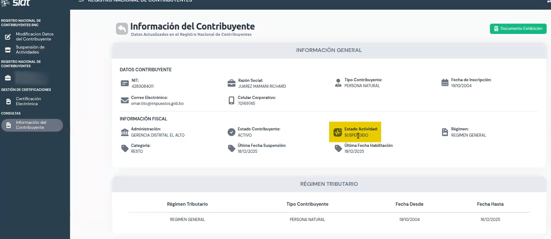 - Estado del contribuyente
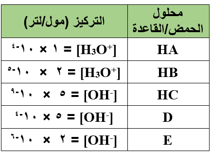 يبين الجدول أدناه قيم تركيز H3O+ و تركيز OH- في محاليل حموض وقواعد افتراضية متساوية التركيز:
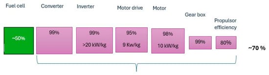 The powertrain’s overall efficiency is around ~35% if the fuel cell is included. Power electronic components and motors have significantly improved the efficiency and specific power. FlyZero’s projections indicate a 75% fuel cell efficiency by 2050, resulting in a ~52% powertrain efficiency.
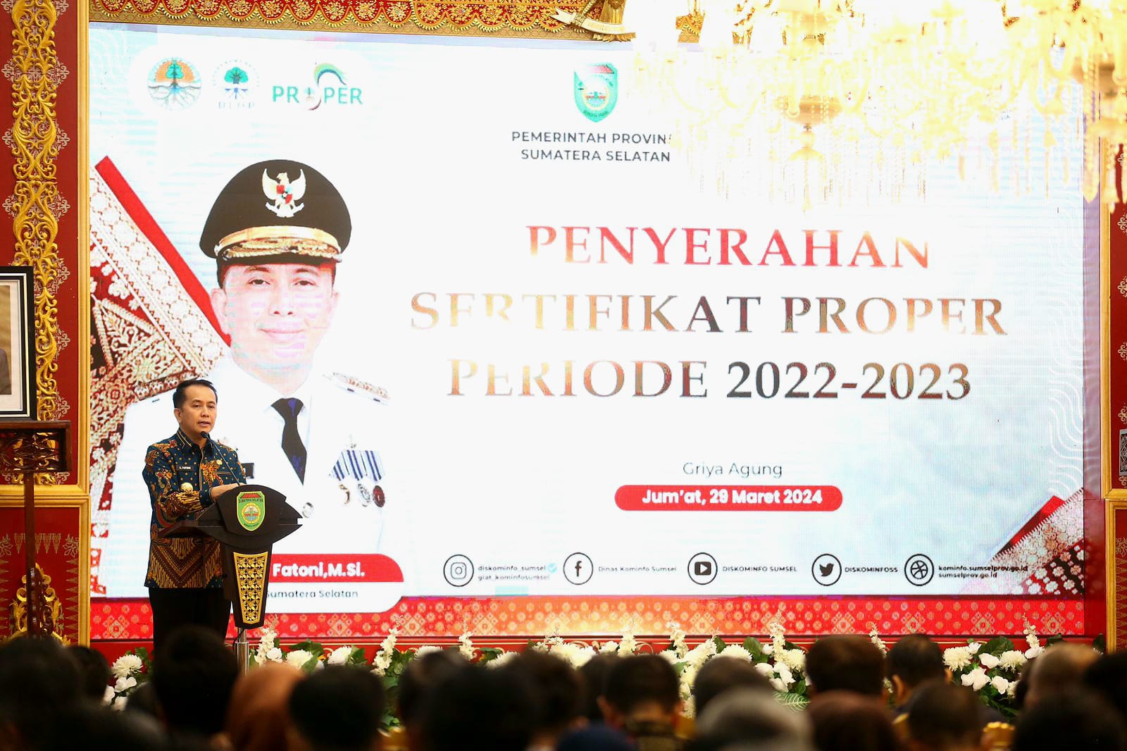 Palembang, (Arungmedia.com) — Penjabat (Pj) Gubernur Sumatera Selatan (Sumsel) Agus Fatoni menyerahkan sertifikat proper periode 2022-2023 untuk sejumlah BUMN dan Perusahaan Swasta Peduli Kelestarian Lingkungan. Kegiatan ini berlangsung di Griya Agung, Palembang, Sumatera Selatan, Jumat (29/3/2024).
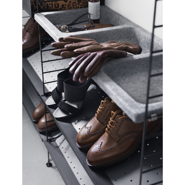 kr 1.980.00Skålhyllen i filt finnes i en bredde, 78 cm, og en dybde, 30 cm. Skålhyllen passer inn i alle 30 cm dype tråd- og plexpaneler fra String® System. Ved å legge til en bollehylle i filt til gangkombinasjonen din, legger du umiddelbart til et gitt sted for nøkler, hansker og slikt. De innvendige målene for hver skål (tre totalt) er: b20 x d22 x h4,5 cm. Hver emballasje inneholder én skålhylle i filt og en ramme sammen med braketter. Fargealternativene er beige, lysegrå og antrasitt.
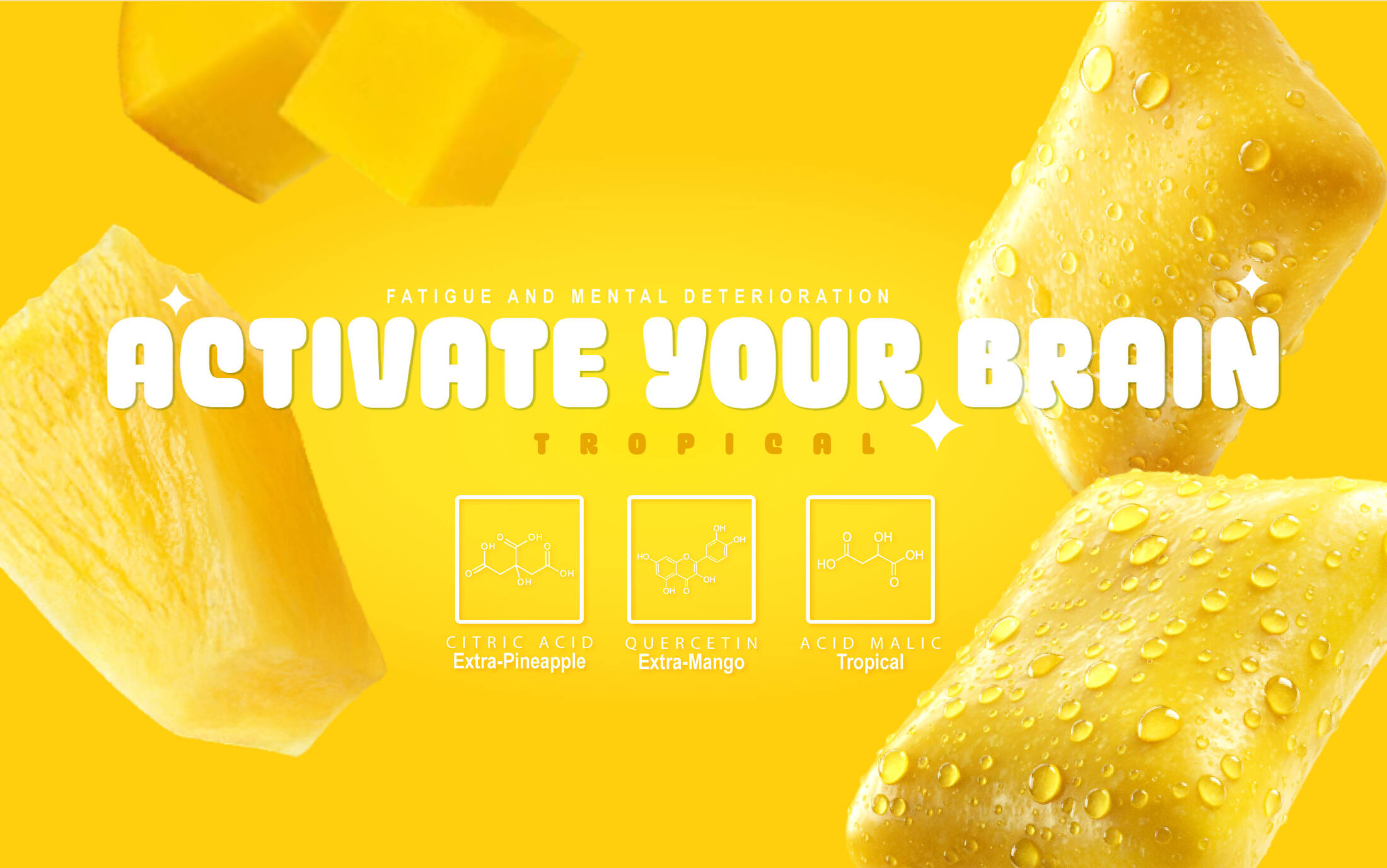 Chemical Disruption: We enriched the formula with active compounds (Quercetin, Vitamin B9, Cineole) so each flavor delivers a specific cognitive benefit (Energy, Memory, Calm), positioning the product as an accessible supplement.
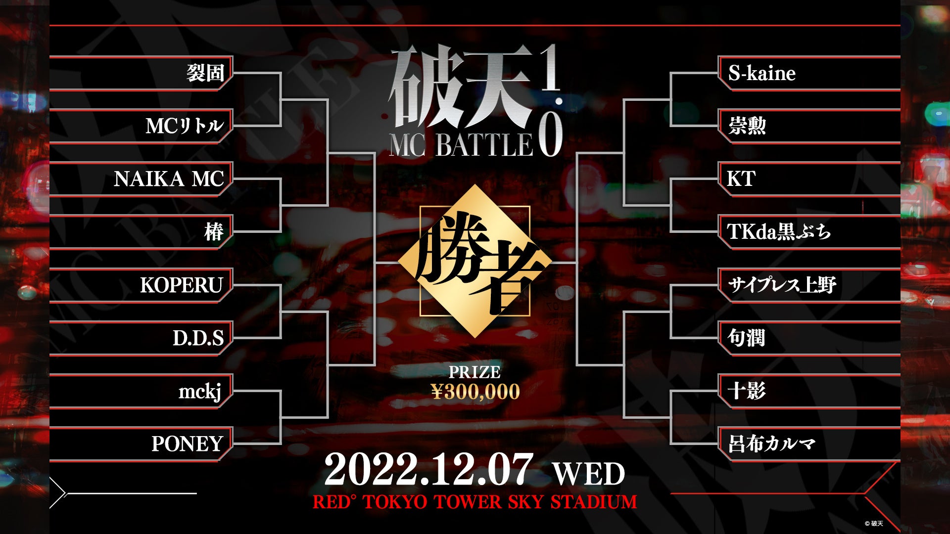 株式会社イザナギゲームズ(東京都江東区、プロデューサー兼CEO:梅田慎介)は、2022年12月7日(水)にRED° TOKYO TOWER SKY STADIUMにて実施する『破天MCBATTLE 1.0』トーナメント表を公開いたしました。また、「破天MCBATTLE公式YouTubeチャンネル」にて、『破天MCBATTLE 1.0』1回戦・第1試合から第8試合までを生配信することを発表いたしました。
━━━━━━━━━━━━━━━━
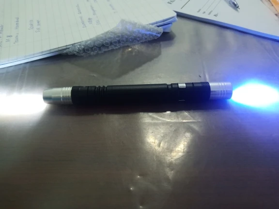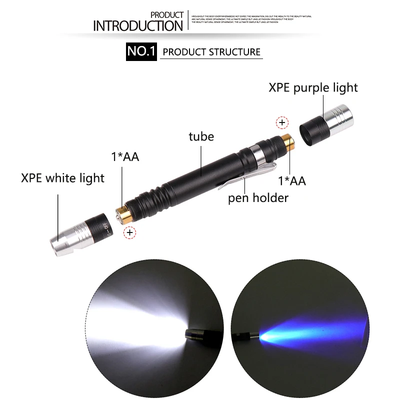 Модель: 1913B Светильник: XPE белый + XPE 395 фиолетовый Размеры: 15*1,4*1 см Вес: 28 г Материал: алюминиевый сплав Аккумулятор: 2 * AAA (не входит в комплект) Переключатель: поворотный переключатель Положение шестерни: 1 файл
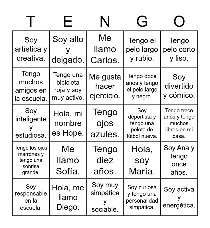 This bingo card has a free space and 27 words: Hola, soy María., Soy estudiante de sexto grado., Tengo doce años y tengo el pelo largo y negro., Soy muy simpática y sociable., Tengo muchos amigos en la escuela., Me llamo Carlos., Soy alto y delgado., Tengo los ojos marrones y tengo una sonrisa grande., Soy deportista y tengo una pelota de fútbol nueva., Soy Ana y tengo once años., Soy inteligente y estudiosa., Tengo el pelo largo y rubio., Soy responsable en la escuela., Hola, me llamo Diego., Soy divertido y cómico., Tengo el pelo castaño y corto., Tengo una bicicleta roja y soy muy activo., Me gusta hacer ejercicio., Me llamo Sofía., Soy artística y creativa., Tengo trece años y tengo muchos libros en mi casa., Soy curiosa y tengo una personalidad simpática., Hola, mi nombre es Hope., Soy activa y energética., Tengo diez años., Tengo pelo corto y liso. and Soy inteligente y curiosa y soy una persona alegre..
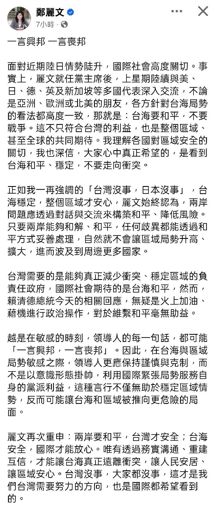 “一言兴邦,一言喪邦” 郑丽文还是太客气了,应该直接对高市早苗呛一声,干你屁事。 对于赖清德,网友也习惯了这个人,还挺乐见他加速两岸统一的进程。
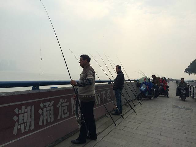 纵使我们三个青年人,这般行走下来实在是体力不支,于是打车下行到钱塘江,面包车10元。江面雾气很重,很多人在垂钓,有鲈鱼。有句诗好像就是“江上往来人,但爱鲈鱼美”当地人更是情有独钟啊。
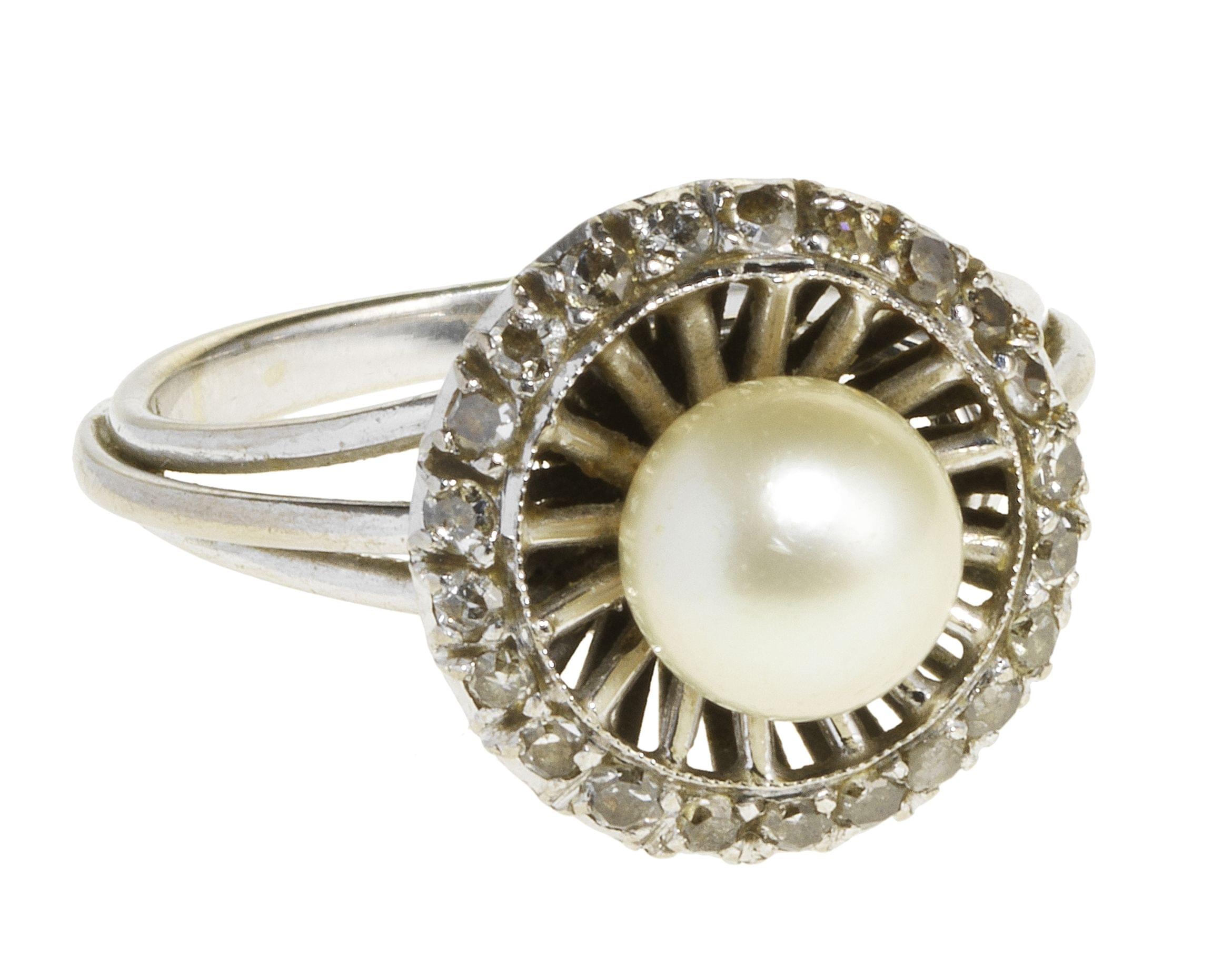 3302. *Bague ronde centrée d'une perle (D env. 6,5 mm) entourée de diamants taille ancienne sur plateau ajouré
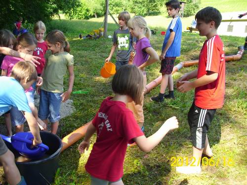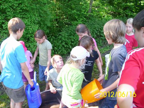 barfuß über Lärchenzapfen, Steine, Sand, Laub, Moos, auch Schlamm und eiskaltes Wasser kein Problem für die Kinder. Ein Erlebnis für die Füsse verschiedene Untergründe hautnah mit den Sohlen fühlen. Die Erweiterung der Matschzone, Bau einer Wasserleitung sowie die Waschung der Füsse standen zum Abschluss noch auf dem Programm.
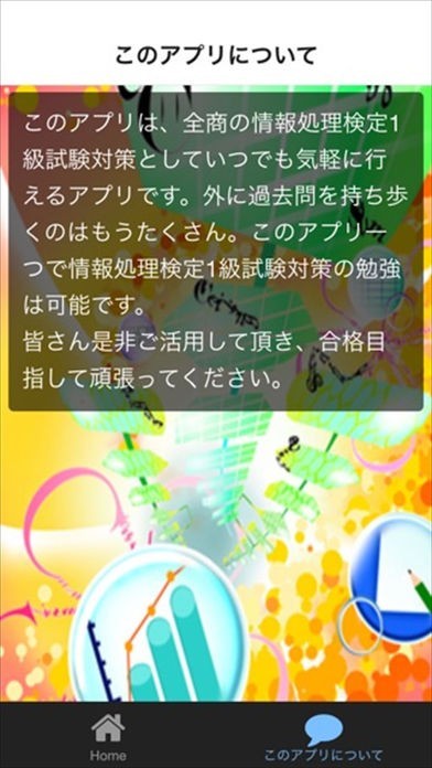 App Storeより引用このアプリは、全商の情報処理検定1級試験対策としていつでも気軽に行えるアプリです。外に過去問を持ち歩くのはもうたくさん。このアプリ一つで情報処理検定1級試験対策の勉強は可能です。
━━━━━━━━━━━━━━━━
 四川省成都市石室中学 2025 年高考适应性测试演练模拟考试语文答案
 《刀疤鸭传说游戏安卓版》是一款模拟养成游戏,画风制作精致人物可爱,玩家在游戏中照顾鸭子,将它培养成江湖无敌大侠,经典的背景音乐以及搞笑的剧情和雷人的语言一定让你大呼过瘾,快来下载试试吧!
━━━━━━━━━━━━━━━━
In the listing above, find the line with "- Estado del contribuyente" and output every line through the one with "The powertrain’s overall", exactly, without the pictures.

 - Estado del contribuyente
 يبين الجدول أدناه قيم تركيز H3O+ و تركيز OH- في محاليل حموض وقواعد افتراضية متساوية التركيز:
 The powertrain’s overall efficiency is around ~35% if the fuel cell is included. Power electronic components and motors have significantly improved the efficiency and specific power. FlyZero’s projections indicate a 75% fuel cell efficiency by 2050, resulting in a ~52% powertrain efficiency.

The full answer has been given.